Harsha and others have explained a few times already that currently Sinhala language support is not available natively with Windows and Mac, although it is available for Linux. When Windows Vista comes out it will support Sinhala Unicode and most of the current problems people face will be resolved.
Now you can continue to jump up and down asking why there is no support for Sinhala NOW?! I think various versions of history has been provided on this thread as to why Sinhala Unicode standard wasn’t developed sooner, please feel free to pick any of the many explanations that suit you.
Even Microsoft understood my proposal but the people in the “ARUMA PUDUMA RATA” just ignore the importance of my project.
Only I have the ‘Solution” for Sinhala IT.
I have proved this byond any reasonable doubt. Why cant the software develpoers and young engineers look both sides of the coin and give an impartial comment.
Even Highly protected application Quark Xpress Tag data and data saved on EPS text format can be edited using any simple Editor. These edited data could be reexported into Quark and produce high quality work.
All this is possible because of proper character allocation tables.
I hope gypsies group will be able to read this contents and create a song “WHY IT WHY”
Donald Gaminitillake
Colombo
Well well well Diwakar,
Do you think all Sri Lankans can buy Windows Vista as soon as it is avaible. Most of the country’s PCs run on Windows 98/Me yet, let alone XP. Are you asking us to buy Vista???? What about the government money Gihan D and Dino devoured??? This is not a small issue as you think What Donald is talking on is not just about Sinhala.
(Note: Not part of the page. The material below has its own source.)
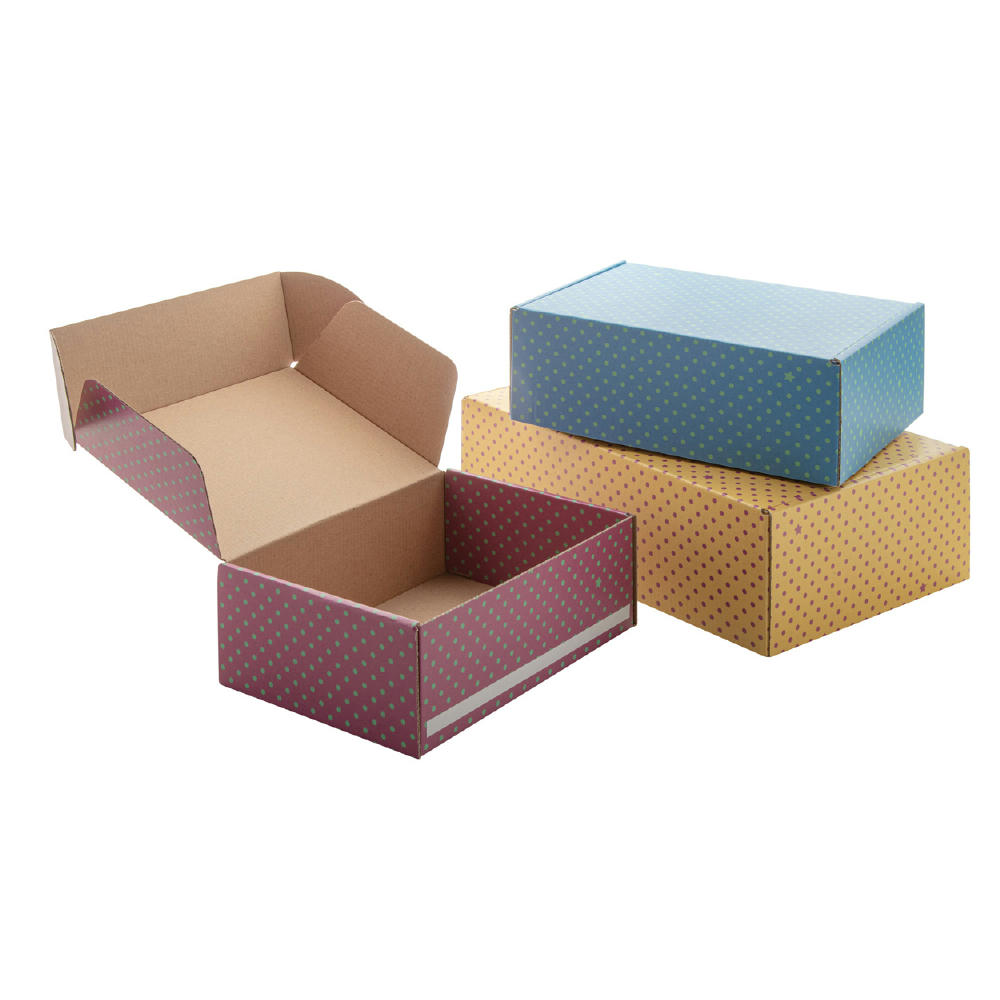 Individuelle Versandbox aus Wellpappe mit selbstklebendem Verschlussstreifen und vollfarbiger Bedruckung auf der Außenseite. Die Lieferung erfolgt flach verpackt. Preis inkl. vollflächigem 4c- Druck.

He and the rest of the country has grave concerns over public funds wasted by the two “experts.”
Donald,
[quote]
Even Microsoft understood my proposal but the people in the “ARUMA PUDUMA RATA” just ignore the importance of my project.
[unquote]
I have a simple answer why nobody is interested in your so-called ‘solution’.
While we all understand the issues, you have failed to convince anyone (at least myself, a user who have been sympathetic towards you than most of the others here) that you have a solution, let alone THE solution.
[quote]
I have proved this byond any reasonable doubt.
[unquote]
May be you have proved this to yourself. But the things do not work that way. If you want that to be implemented, you have to convince OTHERS too. (in addition to yourself) This is where you have failed.
So many times I have explained what you should do if you want to convince others. If you do not listen to it, even for another ten, twenty or hundred years you do nothing else than ranting, ranting and ranting.
Cisco2900,
I am glad that Divakar answered you and seems like you are not updated. Bill Gates will step down in mid 2008 and that too he’s trying to figure out how hard it is since he loves the role he plays as Cheif Software Architect though Ray Ozzie gonna take over. (Suggest you either do google or read Fortune-July-Bill Gates Reboot – above are based on these mag interviews/sources).
It’s pity the way you are presenting my comment which is based on a CREDIBLE source which is none other than Microsoft itself. So answer whether it’s true or not please talk to MS-LK office which is at WTC and get yourself satisfied as I dont want to publish FALSE information to other members of this forum who are very focused on the topic. As you can see in my reply I have even made that post to answer Dharma, as I thought it would be better to share something I got to know which is credible as Dharama was quite keen to know the Vista’s support.
Man with a Paper Bag,
In short all I can say is if you’ll can remove your paper bags and voice out confidently on the topic and real policy issues/ICT issues with real identities like Donald, Dharma, JC and all other’s does with true identities, NO MAFIA’S will prevail in this country. People shouldnt be afraid to talk about facts and realities.
Quote
I have a simple answer why nobody is interested in your so-called ’solution’.
Unquote
Then why are they worry about ny copyrights and pending patent?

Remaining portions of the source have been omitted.